CJ: It seems like you’re still pretty immersed in cinema: I hear you’re currently working on two new documentaries. Can you talk a bit about these upcoming projects and what brought you to them?
DS: One of them, Burning Down the Louvre, takes place a few weeks before the November 2015 terrorist attacks in Paris. Rita Banerjee, who’s Bengali, and I, who am Jewish, film in Paris to try to comprehend the current American racial cataclysm from a French point of view. We debate about skin color, class, gender, privilege, and art—and disagree about all of it. It’s an antagonistic conversation.
After the bombings, it becomes undeniable that even in France—a safe haven for African Americans since the Louisiana Purchase—there’s something profoundly wrong. We human beings do not seem to know how to coexist. After filming in Paris, Rita and I weave archival material into the story—Chomsky vs. Foucault, Harari, and Hannah Arendt, whose philosophy of intimacy and friendship the film ultimately celebrates. The space between any two people is the source of all hate and all love.
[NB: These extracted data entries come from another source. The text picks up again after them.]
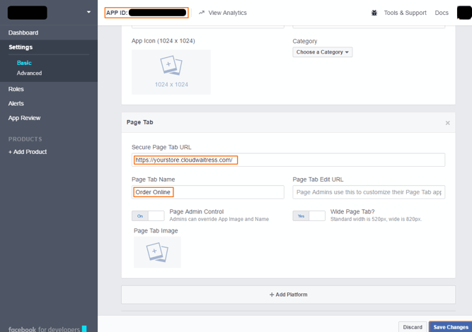 To add the page tab to your Facebook page, you will need your Facebook App ID which you will see highlighted in orange in the previous photo at the top of the page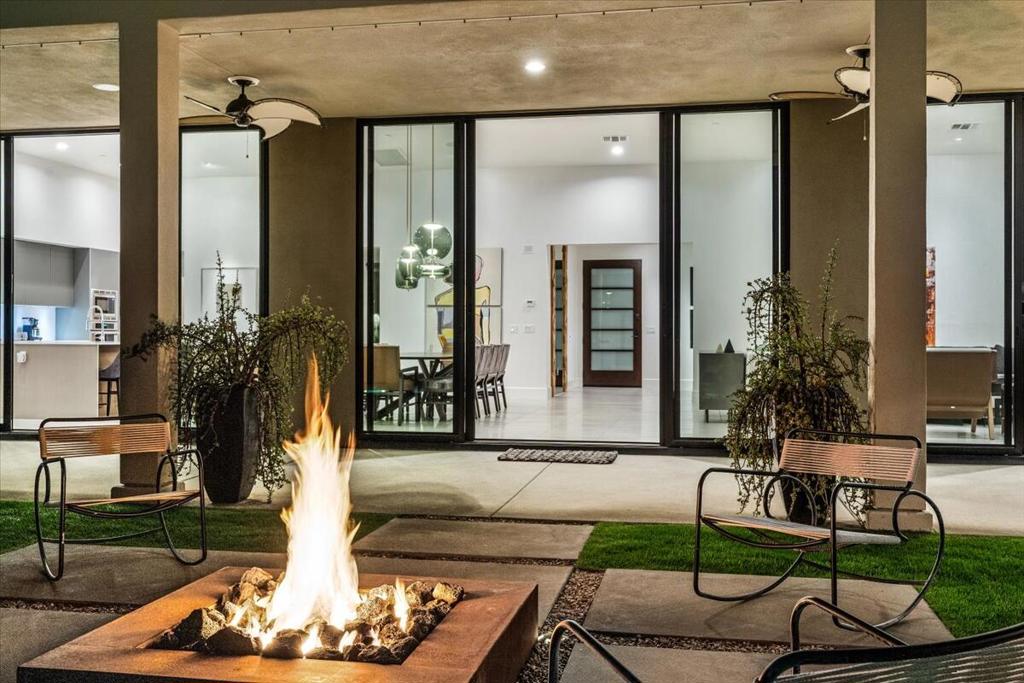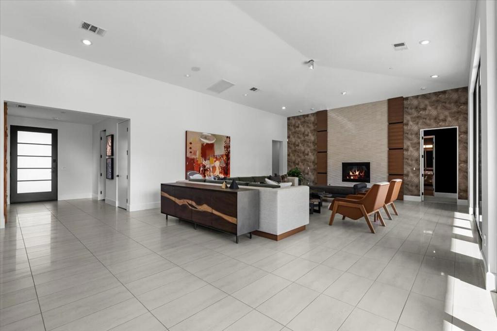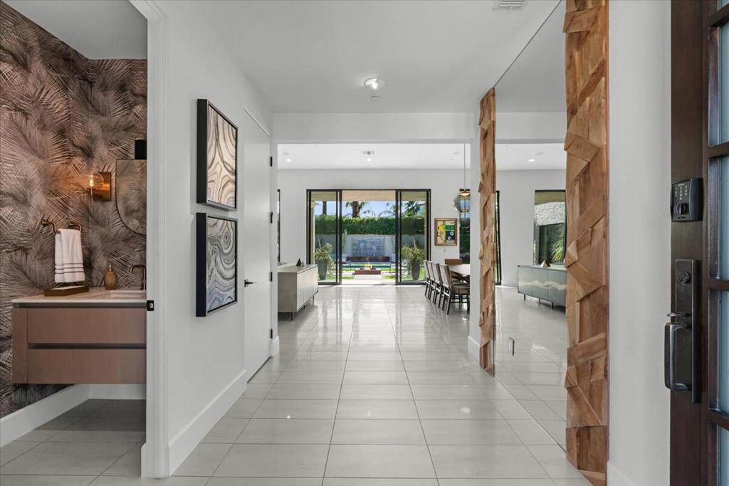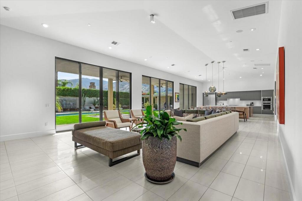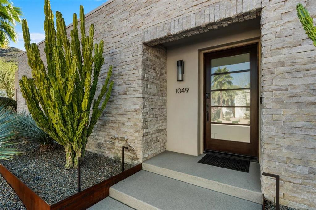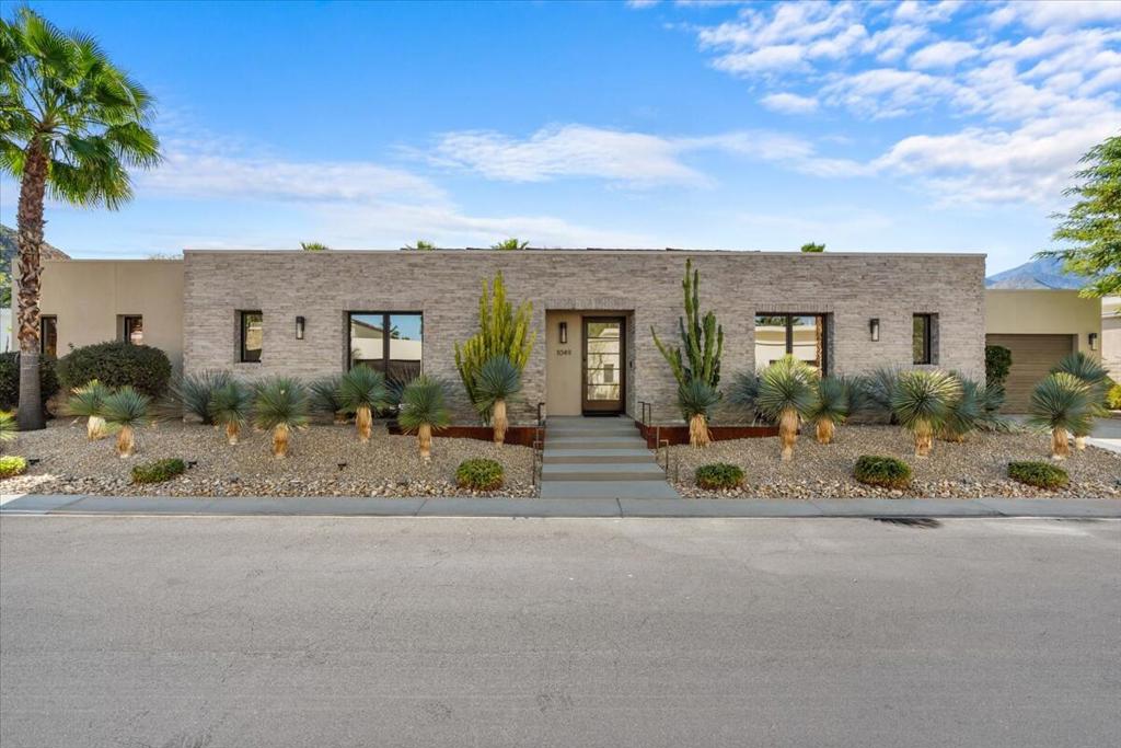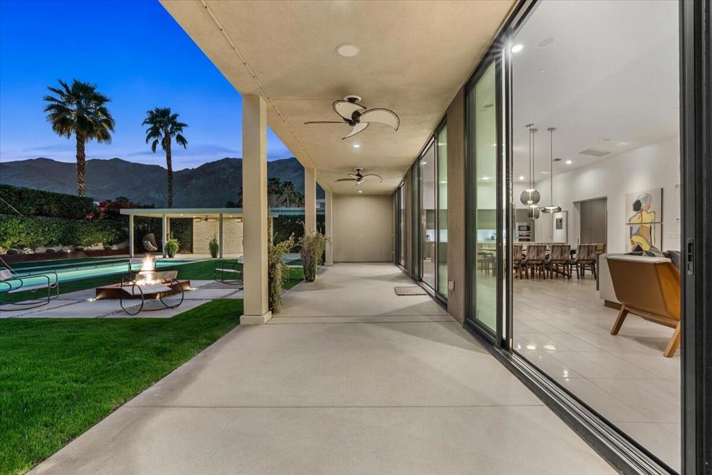 Designed by celebrated architect, Anthony Poon, this 2013 luxury estate is perfectly situated on a ⅓ of an acre and is surrounded by southern, western and eastern mountain views from inside and outside of the home. Located in south Palm Springs in the prestigious guard gated development of Monte Sereno, this brilliant home with a south facing resort backyard, was built for the quintessential Palm Springs lifestyle. The great room with towering ceilings and 3 sets of Fleetwood glass doors, open to the breathtaking sanctuary for a seamless indoor/outdoor entertaining flow! Step outside to a swimmer's pool, spa, firepit, grand water feature, misting system, expansive covered patio, cabana, built-in bbq, views and lush green landscaping! The timeless Epicurean kitchen includes dual islands with stainless appliances and two separate beverage coolers. This very desirable Modern Villa plan has a lavish primary suite which includes direct access to the backyard, large walk-in closet with dual entry, sophisticated built-ins and electric blinds. The spa bathroom has a two person shower with dual shower fixtures, separate stand alone soaking tub and a picturesque window. The two other suites are strategically separated away from the primary suite. For a movie night at home, the separate media room can accommodate a group of friends comfortably. There is an oversized **4 CAR GARAGE** with additional built-ins for storage, a 2nd refrigerator, and two electric storage lifts for even more storage! This energy efficient home has a 40 PANEL OWNED and FULLY PAID SOLAR SYSTEM and 2 TESLA BATTERIES. Located on fee land (land that you own). May be sold furnished including the art!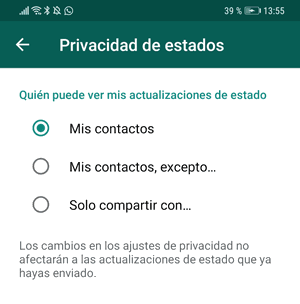 Mis contactos: Si seleccionas esta opción, solo verán el estado que has publicado aquellas personas que tienes registradas en tu agenda.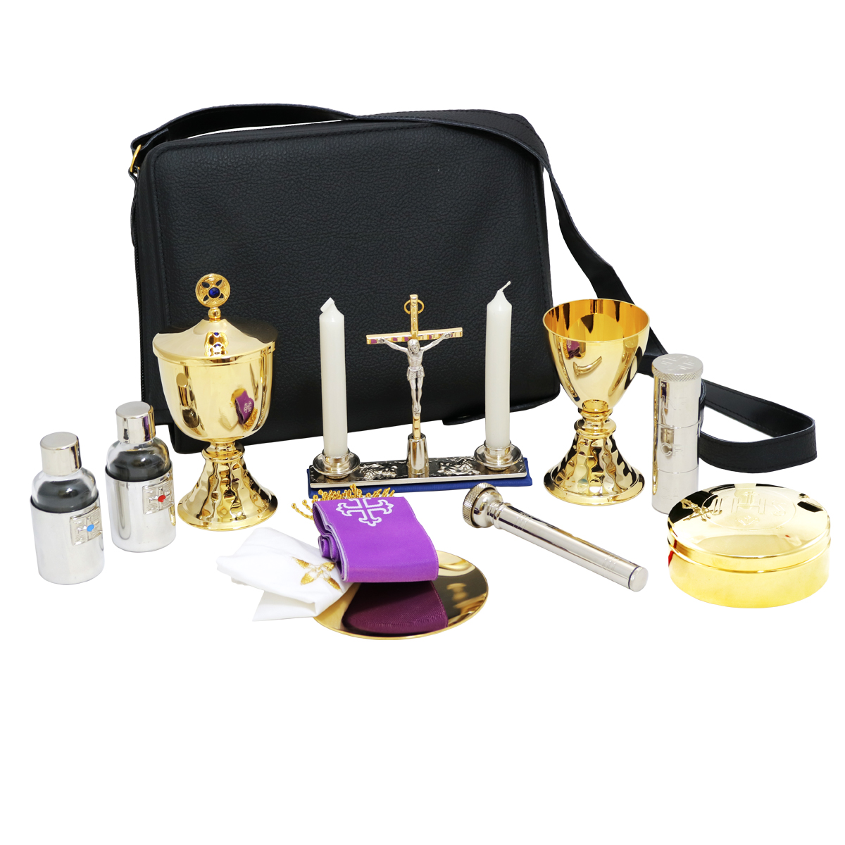The item is complete with: - Chalice and ciborium in gold plated brass with simple base. The chalice is 12.5 cm high with a cup with a diameter of 8 cm and can hold up to 120 ml of wine. The ciborium is 12.5 cm high with a cup with a diameter of 8 cm and contains approximately 60 hosts. - Saucer in gold plated brass with a diameter of 10 cm. - Asperges in silver-tone brass 11.5 cm with hermetic seal. - Triple Holy Oils stock in silver-tone brass, with screw-on shelves divided by INF CHRIS CAT and cross engraved on the lid. - Cast altar with decoration of grapes and vine leaves in relief and equipped with a support for a cross and candles. - 30 ml water and wine bottles with protective armor and distinctive hand-enamelled plates. - Pastoral cross and wax candles with matching fabric candle holders. - Two-tone stole in purple and white fabric, 150 cm. - Set of 5pcs 100% cotton linens with gold-thread embroidered cross.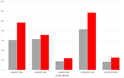 Måleparametre: NÅR: uke 32-38 (målt mot samme periode i fjor) HVOR: TORG Produkter: Makrell 170g, Makrell 110g, Leverpostei 100g, MAKRELL 6PK, LEVERPOSTEI 6PK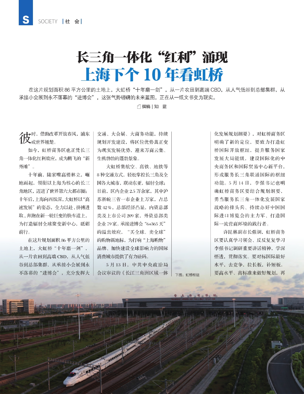 5月13日,中共中央政治局会议审议的《长江三角洲区域一体化发展规划纲要》,对虹桥商务区明确了新的定位,要致力打造虹桥国际开放枢纽,提升服务国家发展大局能级,建设国际化的中央商务区和国际贸易中心新平台,形成服务长三角联通国际的枢纽功能。5月14日,李强书记也明确虹桥商务区要结合规划纲要,勇当服务长三角一体化发展国家战略的排头兵、持续办好中国国际进口博览会的主力军、打造国际一流营商环境的践行者。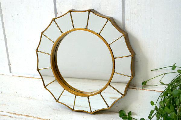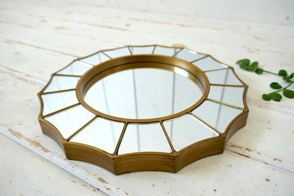 16角形・インレイ・ゴールドフレーム・ヴィンテージ・ミラー・鏡・ウォールデコ・インテリア USA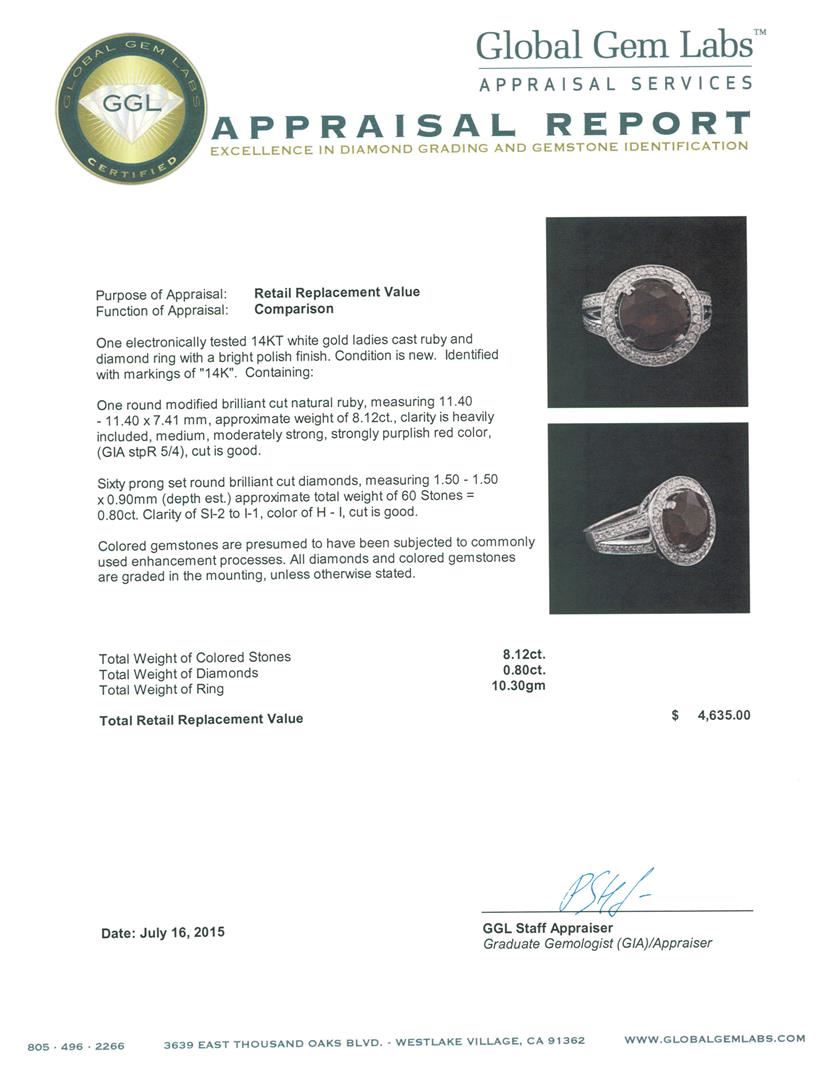 One electronically tested 14KT white gold ladies cast ruby and diamond ring with a bright polish finish. Identified with markings of "14K". Condition is new. Containing: One round modified brilliant cut natural ruby, measuring 11.40 - 11.40 x 7.41 mm, approximate weight of 8.12ct., clarity is heavily included, medium, moderately strong, strongly purplish red color, (GIA stpR 5/4), cut is good. Sixty prong set round brilliant cut diamonds, measuring 1.50 - 1.50 x 0.90mm (depth est.) approximate total weight of 60 Stones = 0.80ct. Clarity: SI-2 to I-1. Color: H - I, Cut is Good. Colored gemstones are presumed to have been subjected to commonly used enhancement processes. All diamonds and colored gemstones are graded in the mounting, unless otherwise stated. Total Weight of Colored Stones 8.12ct. Total Weight of Diamonds 0.80ct. Total Weight of Ring 10.30 grams. GGL Appraised at $4,635.00.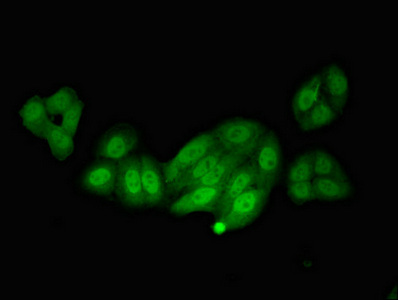 Immunofluorescent analysis of HepG2 cells using CSB-PA015942LA01HU at dilution of 1:100 and Alexa Fluor 488-congugated AffiniPure Goat Anti-Rabbit IgG(H+L)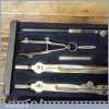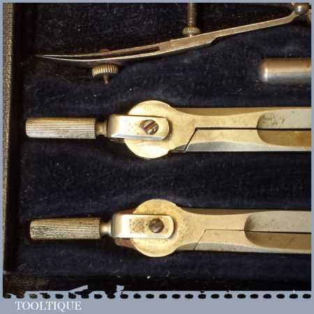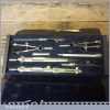 Vintage German silver technical drawing set in a case in good used condition. Note: These haven’t been cleaned and ‘German silver’ is a term used to describe white metal alloy used instead of brass.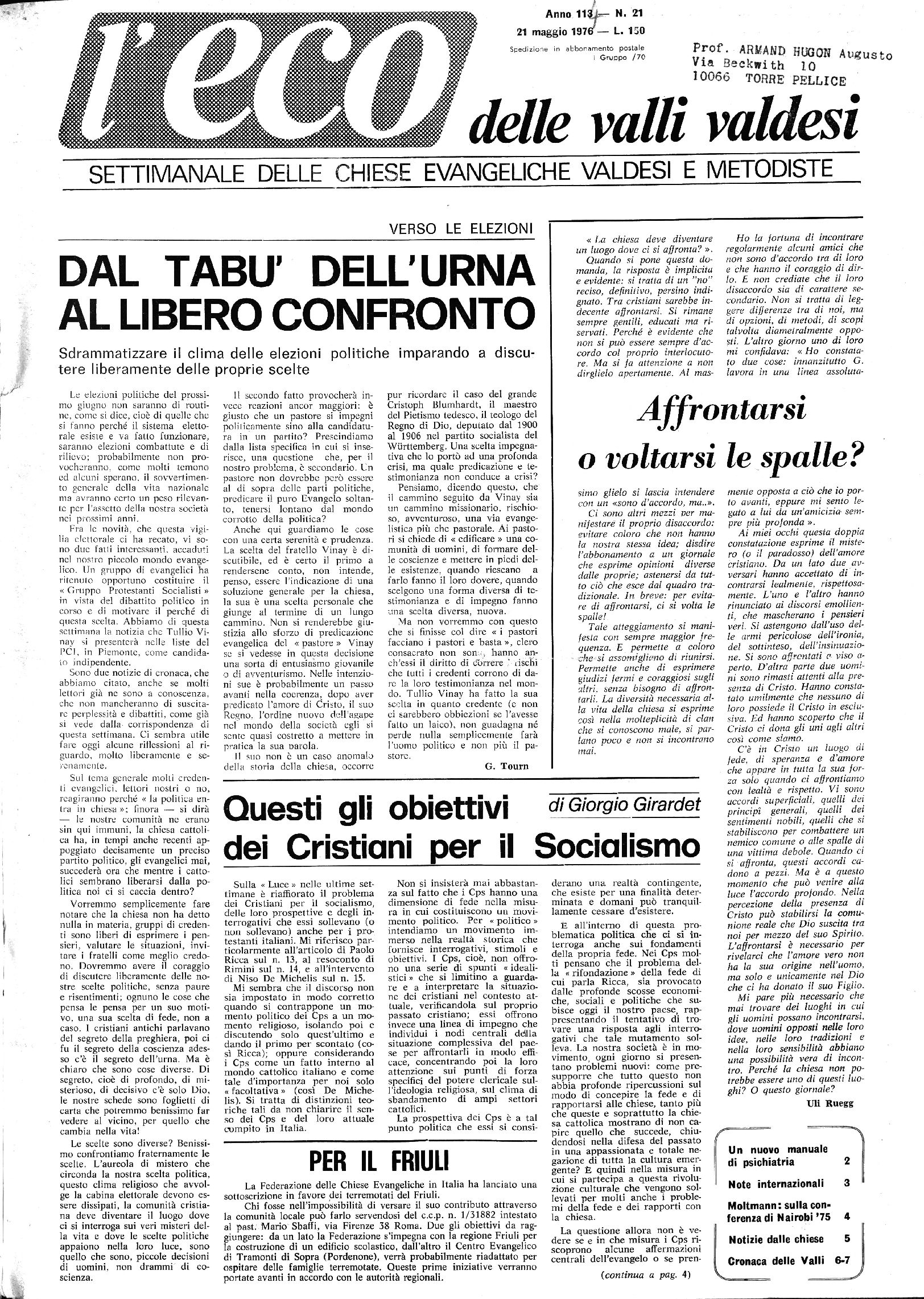 SETTIMANALE DELLE CHIESE EVANGELICHE VALDESI E METODISTE

That’s what the film catalyzes around, this insight. The scariness of two people actually connecting.
CJ: And what about the other film?
DS: The other is about modernists and postmodernists (Melville, Dostoevsky, Nietzsche) trying to figure out how to be, how to conduct moral discourse, and how to exist in a universe in which there is no absolute authority. This idea that “if God is dead, everything is permitted.”
A couple of days before the 2018 midterm elections, at the NonfictionNOW conference in Phoenix, Robin Hemley, Nicole Walker, Erik Sather, and I asked writers and nonfiction professors questions like, “How do you know what you believe? Do you have any absolute beliefs? Is there such a thing as truth? What is nonfiction, and is it true? What do you think is the difference between truth and belief? If you have siblings, have they shown your view of the world to be flawed? Are you superstitious? Do you believe in ghosts? Why are you here and not canvassing for Stacy Abrams?”
The consensus answers, “I have no absolute beliefs except in art; there are no absolute truths other than that there is no truth; my sister and I are estranged; there are no ghosts except psychic luggage; I’m not canvassing for Abrams because all I finally care about is art.”
What no one was willing to talk about, and what the film addresses, is that what Kellyanne Conway, Trump, Giuliani, QAnon, Fox News, and others have done weaponizing the last 150 years of intellectual thought and philosophical investigation and post-Einsteinian physics and Saussurean linguistics and the “crisis” in nonfiction. If the perceiver by her very presence alters what’s perceived, then Steve Bannon, et al., are all quite consciously creating, on a day-by-day basis, a universe in which nothing is true—and thereby Trump and Putin and QAnon have successfully ended human discourse. Jeffrey Epstein hangs himself, and within minutes Trump tweets that the Clinton crime family is behind this. It’s based on nothing, but it’s a strategy that goes back to The Underground Man.
God is dead. Everything is permitted. Or is it?